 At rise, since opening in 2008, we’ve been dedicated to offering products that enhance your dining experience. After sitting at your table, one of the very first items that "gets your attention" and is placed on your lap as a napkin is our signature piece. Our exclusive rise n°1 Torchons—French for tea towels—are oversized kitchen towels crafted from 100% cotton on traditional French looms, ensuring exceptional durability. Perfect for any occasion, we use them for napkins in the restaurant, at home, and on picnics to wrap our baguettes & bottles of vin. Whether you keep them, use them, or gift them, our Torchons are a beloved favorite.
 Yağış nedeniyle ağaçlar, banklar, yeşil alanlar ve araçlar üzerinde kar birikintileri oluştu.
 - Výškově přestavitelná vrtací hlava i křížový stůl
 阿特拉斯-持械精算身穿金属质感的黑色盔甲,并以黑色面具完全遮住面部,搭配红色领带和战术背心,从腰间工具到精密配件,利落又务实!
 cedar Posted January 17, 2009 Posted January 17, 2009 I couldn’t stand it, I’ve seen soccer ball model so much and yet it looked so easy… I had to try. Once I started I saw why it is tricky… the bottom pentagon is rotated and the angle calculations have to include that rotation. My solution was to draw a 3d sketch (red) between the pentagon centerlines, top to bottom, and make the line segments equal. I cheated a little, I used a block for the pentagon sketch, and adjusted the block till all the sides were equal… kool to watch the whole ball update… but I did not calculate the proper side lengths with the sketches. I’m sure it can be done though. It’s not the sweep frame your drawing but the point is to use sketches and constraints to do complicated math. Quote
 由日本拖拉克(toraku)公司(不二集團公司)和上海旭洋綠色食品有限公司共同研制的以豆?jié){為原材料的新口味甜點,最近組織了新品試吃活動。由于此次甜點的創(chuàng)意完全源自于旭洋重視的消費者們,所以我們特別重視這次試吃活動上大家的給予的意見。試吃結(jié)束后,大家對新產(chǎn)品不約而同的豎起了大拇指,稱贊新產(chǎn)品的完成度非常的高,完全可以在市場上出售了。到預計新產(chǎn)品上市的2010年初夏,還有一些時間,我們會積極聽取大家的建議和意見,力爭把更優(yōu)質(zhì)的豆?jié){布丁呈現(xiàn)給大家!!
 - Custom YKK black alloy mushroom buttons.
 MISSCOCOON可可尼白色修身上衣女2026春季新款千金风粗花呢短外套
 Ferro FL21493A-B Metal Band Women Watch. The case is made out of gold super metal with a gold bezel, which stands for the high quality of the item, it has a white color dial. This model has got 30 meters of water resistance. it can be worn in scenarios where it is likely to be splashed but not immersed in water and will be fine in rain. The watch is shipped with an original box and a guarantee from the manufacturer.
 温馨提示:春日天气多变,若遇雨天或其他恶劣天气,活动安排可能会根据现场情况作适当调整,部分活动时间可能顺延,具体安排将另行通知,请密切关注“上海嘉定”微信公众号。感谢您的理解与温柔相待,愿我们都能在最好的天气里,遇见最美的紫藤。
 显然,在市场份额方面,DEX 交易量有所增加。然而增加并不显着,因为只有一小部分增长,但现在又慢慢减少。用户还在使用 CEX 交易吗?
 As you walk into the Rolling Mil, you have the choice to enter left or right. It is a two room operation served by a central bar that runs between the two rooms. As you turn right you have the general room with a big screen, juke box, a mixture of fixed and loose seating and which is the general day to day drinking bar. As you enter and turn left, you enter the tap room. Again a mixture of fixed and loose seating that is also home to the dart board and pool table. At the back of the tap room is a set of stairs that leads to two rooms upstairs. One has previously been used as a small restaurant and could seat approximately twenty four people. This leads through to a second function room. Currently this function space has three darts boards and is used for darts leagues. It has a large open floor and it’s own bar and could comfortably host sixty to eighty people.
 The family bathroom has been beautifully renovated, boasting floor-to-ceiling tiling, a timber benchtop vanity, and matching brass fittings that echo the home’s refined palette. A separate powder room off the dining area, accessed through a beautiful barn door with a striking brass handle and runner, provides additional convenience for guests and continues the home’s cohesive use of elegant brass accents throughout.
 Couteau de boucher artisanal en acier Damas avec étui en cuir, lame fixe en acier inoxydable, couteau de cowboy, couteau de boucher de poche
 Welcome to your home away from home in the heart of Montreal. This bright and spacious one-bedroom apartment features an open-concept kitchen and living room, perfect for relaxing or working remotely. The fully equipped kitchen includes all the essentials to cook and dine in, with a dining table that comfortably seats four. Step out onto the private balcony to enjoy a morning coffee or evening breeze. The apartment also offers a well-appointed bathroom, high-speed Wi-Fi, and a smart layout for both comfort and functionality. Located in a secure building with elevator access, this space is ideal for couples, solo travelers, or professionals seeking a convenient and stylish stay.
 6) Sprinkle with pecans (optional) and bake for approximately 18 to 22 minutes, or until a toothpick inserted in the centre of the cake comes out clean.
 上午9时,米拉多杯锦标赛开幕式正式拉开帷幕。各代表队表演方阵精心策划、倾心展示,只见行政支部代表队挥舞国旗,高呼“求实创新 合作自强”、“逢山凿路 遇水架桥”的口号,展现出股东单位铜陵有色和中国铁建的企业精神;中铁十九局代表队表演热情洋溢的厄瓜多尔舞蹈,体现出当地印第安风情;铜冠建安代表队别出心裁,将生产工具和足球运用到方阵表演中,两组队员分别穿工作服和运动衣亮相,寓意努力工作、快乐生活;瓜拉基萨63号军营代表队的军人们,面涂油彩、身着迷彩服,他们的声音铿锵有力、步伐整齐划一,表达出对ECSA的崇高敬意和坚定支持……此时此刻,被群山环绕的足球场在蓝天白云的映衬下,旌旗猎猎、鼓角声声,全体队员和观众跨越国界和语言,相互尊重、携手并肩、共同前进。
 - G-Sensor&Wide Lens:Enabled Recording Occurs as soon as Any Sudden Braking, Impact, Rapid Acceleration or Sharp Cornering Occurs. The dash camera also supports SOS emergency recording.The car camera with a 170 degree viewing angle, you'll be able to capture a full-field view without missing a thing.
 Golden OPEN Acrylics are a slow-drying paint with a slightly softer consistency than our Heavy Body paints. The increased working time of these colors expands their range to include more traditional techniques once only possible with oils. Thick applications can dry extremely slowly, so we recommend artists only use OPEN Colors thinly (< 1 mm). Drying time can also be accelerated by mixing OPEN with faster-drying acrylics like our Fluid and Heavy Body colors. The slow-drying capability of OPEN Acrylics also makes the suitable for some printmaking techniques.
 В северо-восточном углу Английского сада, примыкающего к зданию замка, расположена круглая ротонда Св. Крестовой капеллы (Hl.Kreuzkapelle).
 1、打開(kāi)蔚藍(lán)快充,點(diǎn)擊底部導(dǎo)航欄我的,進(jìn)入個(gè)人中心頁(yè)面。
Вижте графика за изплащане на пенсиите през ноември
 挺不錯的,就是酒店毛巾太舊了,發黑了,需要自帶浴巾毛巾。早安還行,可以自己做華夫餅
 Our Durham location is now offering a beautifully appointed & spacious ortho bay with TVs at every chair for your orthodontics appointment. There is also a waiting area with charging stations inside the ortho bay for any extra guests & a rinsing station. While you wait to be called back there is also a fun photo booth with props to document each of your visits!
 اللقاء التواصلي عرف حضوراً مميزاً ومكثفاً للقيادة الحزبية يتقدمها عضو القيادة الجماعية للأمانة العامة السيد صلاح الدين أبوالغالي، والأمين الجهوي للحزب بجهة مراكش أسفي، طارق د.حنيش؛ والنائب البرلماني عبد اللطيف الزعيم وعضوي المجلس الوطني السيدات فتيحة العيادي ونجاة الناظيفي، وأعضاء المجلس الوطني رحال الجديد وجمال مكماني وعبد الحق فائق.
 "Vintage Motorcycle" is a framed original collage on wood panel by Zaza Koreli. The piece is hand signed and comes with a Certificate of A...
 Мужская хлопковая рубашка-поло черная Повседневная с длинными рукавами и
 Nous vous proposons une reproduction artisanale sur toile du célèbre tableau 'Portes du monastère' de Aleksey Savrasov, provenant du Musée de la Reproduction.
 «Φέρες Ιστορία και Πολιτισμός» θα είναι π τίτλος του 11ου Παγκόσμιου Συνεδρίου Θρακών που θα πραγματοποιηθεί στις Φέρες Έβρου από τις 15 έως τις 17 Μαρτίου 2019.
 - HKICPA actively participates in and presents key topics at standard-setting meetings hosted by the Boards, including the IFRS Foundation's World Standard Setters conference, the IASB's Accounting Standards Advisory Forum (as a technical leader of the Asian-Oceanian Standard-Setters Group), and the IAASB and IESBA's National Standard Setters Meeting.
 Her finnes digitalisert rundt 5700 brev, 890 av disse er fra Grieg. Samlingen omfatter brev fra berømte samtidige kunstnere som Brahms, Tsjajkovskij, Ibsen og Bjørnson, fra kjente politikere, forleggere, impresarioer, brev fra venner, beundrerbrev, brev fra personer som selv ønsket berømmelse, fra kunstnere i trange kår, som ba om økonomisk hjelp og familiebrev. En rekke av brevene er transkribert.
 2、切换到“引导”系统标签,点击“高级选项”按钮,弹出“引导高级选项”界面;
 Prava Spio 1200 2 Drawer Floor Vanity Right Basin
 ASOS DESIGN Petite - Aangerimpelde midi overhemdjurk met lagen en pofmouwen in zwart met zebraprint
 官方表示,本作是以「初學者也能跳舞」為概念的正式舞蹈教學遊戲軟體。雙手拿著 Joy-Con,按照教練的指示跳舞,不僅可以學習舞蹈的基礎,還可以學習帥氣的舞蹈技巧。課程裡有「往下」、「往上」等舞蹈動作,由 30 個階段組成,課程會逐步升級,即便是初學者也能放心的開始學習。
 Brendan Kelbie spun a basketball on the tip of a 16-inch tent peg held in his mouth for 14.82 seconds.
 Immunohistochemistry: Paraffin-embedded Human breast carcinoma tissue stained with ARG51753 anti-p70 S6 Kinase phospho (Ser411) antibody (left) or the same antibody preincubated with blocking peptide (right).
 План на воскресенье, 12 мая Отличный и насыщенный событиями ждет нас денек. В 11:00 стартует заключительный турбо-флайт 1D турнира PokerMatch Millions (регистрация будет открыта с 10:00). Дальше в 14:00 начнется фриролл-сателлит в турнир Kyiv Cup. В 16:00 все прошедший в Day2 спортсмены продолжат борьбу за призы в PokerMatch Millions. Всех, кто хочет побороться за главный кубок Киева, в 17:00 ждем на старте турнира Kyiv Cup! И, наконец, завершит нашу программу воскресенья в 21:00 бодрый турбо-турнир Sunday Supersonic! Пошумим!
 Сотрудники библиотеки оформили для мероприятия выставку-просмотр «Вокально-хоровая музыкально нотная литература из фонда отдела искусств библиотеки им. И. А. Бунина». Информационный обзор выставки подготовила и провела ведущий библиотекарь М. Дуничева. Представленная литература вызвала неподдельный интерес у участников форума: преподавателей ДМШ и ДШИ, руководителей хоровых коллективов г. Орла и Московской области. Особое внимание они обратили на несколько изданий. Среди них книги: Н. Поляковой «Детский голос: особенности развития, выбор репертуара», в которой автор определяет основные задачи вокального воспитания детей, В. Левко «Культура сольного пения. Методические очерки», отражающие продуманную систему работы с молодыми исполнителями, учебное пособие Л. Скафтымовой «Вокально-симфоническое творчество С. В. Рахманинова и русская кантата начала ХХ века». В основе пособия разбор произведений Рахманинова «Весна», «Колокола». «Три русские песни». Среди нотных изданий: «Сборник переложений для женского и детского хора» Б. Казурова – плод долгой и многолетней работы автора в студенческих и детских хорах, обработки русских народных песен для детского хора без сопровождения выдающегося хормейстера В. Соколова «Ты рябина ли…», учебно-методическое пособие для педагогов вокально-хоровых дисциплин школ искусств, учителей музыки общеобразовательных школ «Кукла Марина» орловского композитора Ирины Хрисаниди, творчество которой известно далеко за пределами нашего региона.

┄┄┄┄┄┄┄┄┄┄

A word-for-word copy of the lines above from the one with "Мужская хлопковая рубашка-поло" through the one with "17 Μαρτίου 2019.", inclusive, is the only output wanted.

**Answer below:**
 Мужская хлопковая рубашка-поло черная Повседневная с длинными рукавами и
 Nous vous proposons une reproduction artisanale sur toile du célèbre tableau 'Portes du monastère' de Aleksey Savrasov, provenant du Musée de la Reproduction.
 «Φέρες Ιστορία και Πολιτισμός» θα είναι π τίτλος του 11ου Παγκόσμιου Συνεδρίου Θρακών που θα πραγματοποιηθεί στις Φέρες Έβρου από τις 15 έως τις 17 Μαρτίου 2019.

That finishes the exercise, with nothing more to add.